Он вдруг понял, что все эти месяцы, когда он был без неё, он беспрестанно думал о ней — даже когда, казалось, совсем забывал. Она жила в каком-то тайном, скрытом от всех, а иногда и от него самого уголке его сердца. И он знал, что она вновь появится в его жизни. И он вновь зароется лицом в золото её длинных волос, и вновь ощутит тот неодолимый, судорожный порыв к её губам, её глазам, её телу, который он с неожиданным для себя восторгом испытал тогда, их единственной ночью в горах Швейцарии.
Дворники мерно стирали с лобового стекла крупные капли дождя. Он мчался к ней — к своей любимой женщине. Да, он уже знал, что любит её. И был уверен, что и она не забыла его. Не могла забыть…
Он вспомнил запечатлевшиеся навсегда в его памяти кадры из фильма «Мужчина и женщина», который он смотрел ещё впечатлительным, только начавшим мечтать о любви подростком: Жан-Луи Трентиньян за рулём своего «Мустанга» всматривается в залитую дождём ночную трассу, щётки сметают частые капли дождя с лобового стекла, он спешит — спешит навстречу к ней — к своей любимой женщине. Мужчина, спешащий к ждущей его женщине…
Он поймал себя на том, что, как только услышал голос Ники, тут же перестал вспоминать Инесс. С ней он провёл несколько месяцев после своего расставания с этой загадочной зеленоглазой русской, которая пришла словно ниоткуда, с неведомых просторов великой степи, простиравшейся от лесистых восточных границ Европы до песков Монголии, и ушла в никуда, ничего не рассказав, ничего толком не объяснив…
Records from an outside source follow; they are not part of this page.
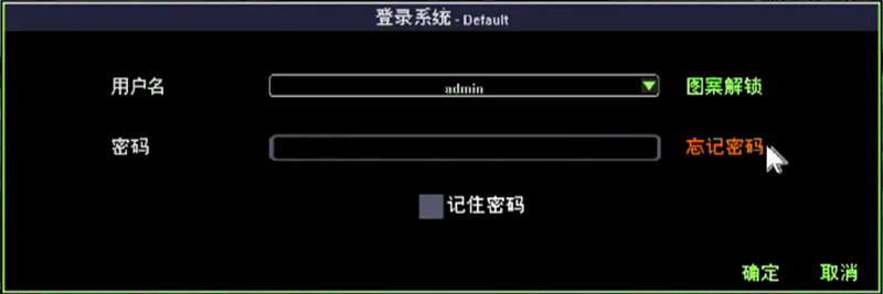 1.點擊硬盤錄像機的登錄界面的“忘記密碼”;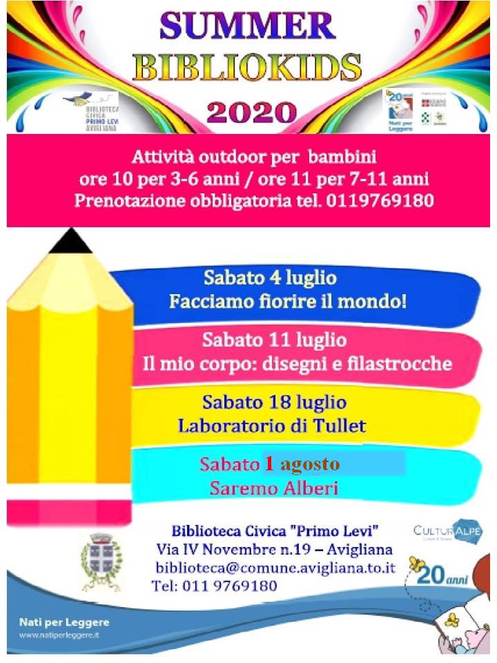 L’ultimo appuntamento estivo di Summer bibliokids, dedicato ai bambini in biblioteca, è stato spostato a sabato 1 agostoSummer bibliokidsNell’ambito della rassegna di incontri estivi per i più piccoli Summer bibliokids alla biblioteca civica Primo Levi di Avigliana, l’ultimo evento del 25 luglio dal titolo “Saremo alberi” è stato spostato a sabato 1 agosto.
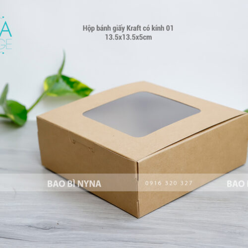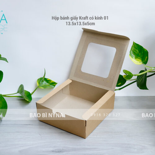 – Hộp bánh giấy Kraft có kính – 01 – 13.5×13.5x5cm
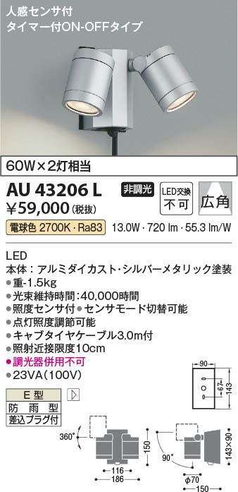 Koizumi コイズミ照明 LEDエクステリアスポットライト AU43206L

Токио. Он знал лишь, что она отправилась в Токио — со своим таинственным, немногословным отцом с чеканным профилем, больше напоминавшим воина Древнего Рима, чем русского бизнесмена, которым, как уже догадался Тристан, он, скорее всего, и не был. Но нет: Тристан знал ещё кое-что. И очень важное. Он помнил, как она смотрела на него тогда — в аэропорту, когда на несколько секунд всё вдруг исчезло и остались одни они. И замерли, связанные лишь проникающим в самое сердце единым взглядом. И казалось — ничего больше нет, и разлуки нет, только он и она, и её наполненные светом глаза, и облако светлых волос… Он помнил.
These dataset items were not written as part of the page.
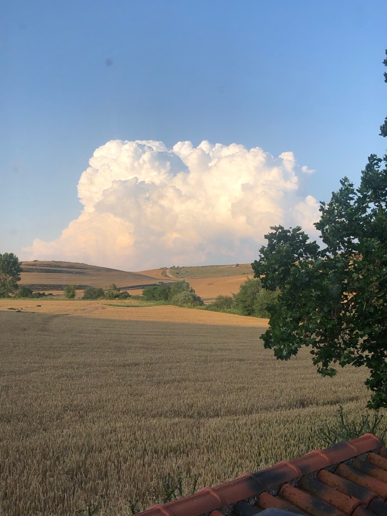 Well now, I’m here in Castrojeríz, and the kindly hospitalera has just returned from the hospital in Burgos. Her husband, with whom she runs the albergue, is currently walking the Camino himself. After a very light dinner last night I treated myself to a menu del día at a local mesón-restaurante. The barman must have clocked my La Mancha shirt because he brought out a lovely red wine from Tomelloso, just down the road from my family’s home. They didn’t have any sopa castellana – apparently it’s too hot for that – but the salmorejo he recommended was fantastic. So don’t worry, Mum, I’m eating very well out here!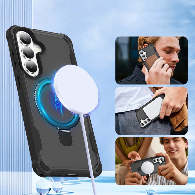 Bescherm je Samsung Galaxy S26 Plus met deze magnetische hoes met geïntegreerde kickstand. Het tweelaagse antischokontwerp biedt optimale bescherming tegen vallen en krassen, terwijl het magnetische compatibiliteit biedt voor je accessoires.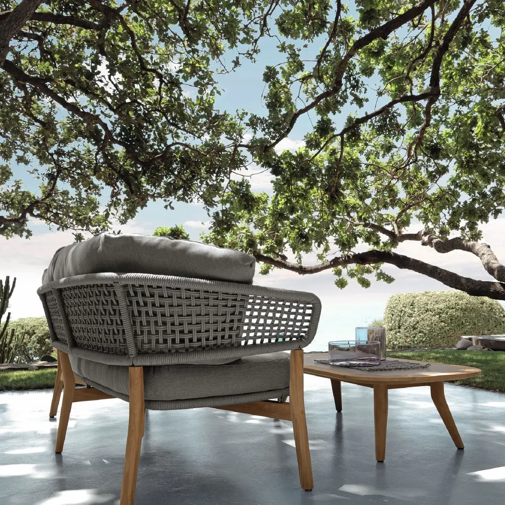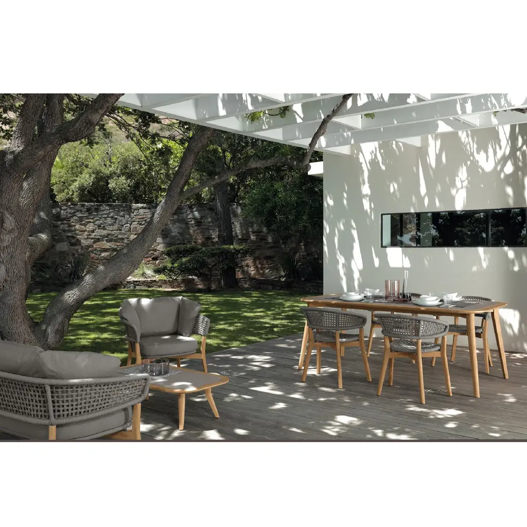 The coffee table of the Moon outdoor collection has a rectangular shape with rounded corners that give it an elegant softness. The structure and the perimeter border are in natural teak and it has grey hpl top.

Да, Инесс… Она была великолепна. Magnifique. Так говорили все его друзья и даже бывшие подруги. Выпускница Сорбонны и топ-модель одного из ведущих домов haute couture Парижа. Стройная, черноволосая, темноглазая, с точёным породистым лицом, короткой энергичной стрижкой. Само воплощение успеха и красоты. Они познакомились в мае, на «Формуле-1» в Монте-Карло. С ней он словно вышел из затянувшейся душевной болезни, вновь ощутил вкус к жизни, еде, гонкам, быстрой безрассудной езде по горному серпантину, соединявшему Ниццу и Монако, захватывающим дух видам, открывавшимся на всё Лазурное побережье… На крутых виражах она кричала от ужаса и восторга, безотчётно впиваясь пальцами в его плечо, и к нему возвращалась его улыбка — открытая, беззаботная.
Все говорили им: «Вы созданы друг для друга». Инесс в такие минуты не могла сдержать радостного смеха и всегда посматривала на него, от волнения поправляя рукой безупречно лежавшие волосы, а он смущённо улыбался, потому что не мог, даже если бы захотел, не солгав, ответить: «Да, мы созданы друг для друга». Не мог. И знал почему. Потому что была Ника с зелёными русалочьими глазами, ускользающим, словно ветер в бесконечной степи, запахом, теплом её рук, ароматом её кожи… Она не отпускала его. А он не хотел — и не мог уйти.
Неделю назад он расстался с Инесс. Оставил её в слезах, осунувшуюся от переживаний и несбывшихся надежд на высокой террасе Эза, нависшего над захватывающим дух обрывом и волнующимся, беспокойным морем. Оставил потому, что видел её страдания и ощущал: он больше не должен давать ей надежду, не должен длить её переживания. Он не мог дать ей единственное, чего она хотела, — себя.